Source-backed implementations are provided below for direct study and interview prep.

// Accepted solution for LeetCode #3768: Minimum Inversion Count in Subarrays of Fixed Length
// Auto-generated Java example from go.
class Solution {
    public void exampleSolution() {
    }
}
// Reference (go):
// // Accepted solution for LeetCode #3768: Minimum Inversion Count in Subarrays of Fixed Length
// package main
// 
// import (
// 	"math"
// 	"slices"
// 	"sort"
// )
// 
// // https://space.bilibili.com/206214
// type fenwick []int
// 
// func (t fenwick) update(i, val int) {
// 	for ; i < len(t); i += i & -i {
// 		t[i] += val
// 	}
// }
// 
// func (t fenwick) pre(i int) (res int) {
// 	for ; i > 0; i &= i - 1 {
// 		res += t[i]
// 	}
// 	return
// }
// 
// func minInversionCount(nums []int, k int) int64 {
// 	// 离散化
// 	sorted := slices.Clone(nums)
// 	slices.Sort(sorted)
// 	sorted = slices.Compact(sorted)
// 	for i, x := range nums {
// 		nums[i] = sort.SearchInts(sorted, x) + 1
// 	}
// 
// 	t := make(fenwick, len(sorted)+1)
// 	inv := 0
// 	ans := math.MaxInt
// 
// 	for i, in := range nums {
// 		// 1. 入
// 		t.update(in, 1)
// 		inv += min(i+1, k) - t.pre(in) // 窗口大小 - (<=x 的元素个数) = (>x 的元素个数)
// 
// 		left := i + 1 - k
// 		if left < 0 { // 尚未形成第一个窗口
// 			continue
// 		}
// 
// 		// 2. 更新答案
// 		ans = min(ans, inv)
// 		if ans == 0 { // 已经最小了,无需再计算
// 			break
// 		}
// 
// 		// 3. 出
// 		out := nums[left]
// 		inv -= t.pre(out - 1)
// 		t.update(out, -1)
// 	}
// 	return int64(ans)
// }
Step 06

Interactive Study Demo

Use this to step through a reusable interview workflow for this problem.

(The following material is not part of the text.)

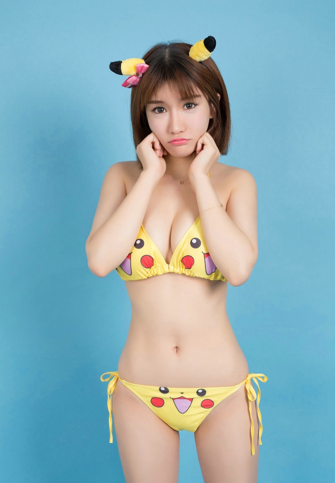 K8傲娇萌萌Vivian皮卡丘比基尼诱惑可爱卖萌爆乳翘臀美腿气质写真

Press Step or Run All to begin.
Step 07

Complexity Analysis

Time
O(n + q log n)
Space
O(n)

Approach Breakdown

BRUTE FORCE
O(n × q) time
O(1) space

For each of q queries, scan the entire range to compute the aggregate (sum, min, max). Each range scan takes up to O(n) for a full-array query. With q queries: O(n × q) total. Point updates are O(1) but queries dominate.

SEGMENT TREE
O(n + q log n) time
O(n) space

Building the tree is O(n). Each query or update traverses O(log n) nodes (tree height). For q queries: O(n + q log n) total. Space is O(4n) ≈ O(n) for the tree array. Lazy propagation adds O(1) per node for deferred updates.

Shortcut: Build O(n), query/update O(log n) each. When you need both range queries AND point updates.
Coach Notes

Common Mistakes

Review these before coding to avoid predictable interview regressions.

Off-by-one on range boundaries

Wrong move: Loop endpoints miss first/last candidate.

Usually fails on: Fails on minimal arrays and exact-boundary answers.

Fix: Re-derive loops from inclusive/exclusive ranges before coding.

Shrinking the window only once

Wrong move: Using `if` instead of `while` leaves the window invalid for multiple iterations.

Usually fails on: Over-limit windows stay invalid and produce wrong lengths/counts.

Fix: Shrink in a `while` loop until the invariant is valid again.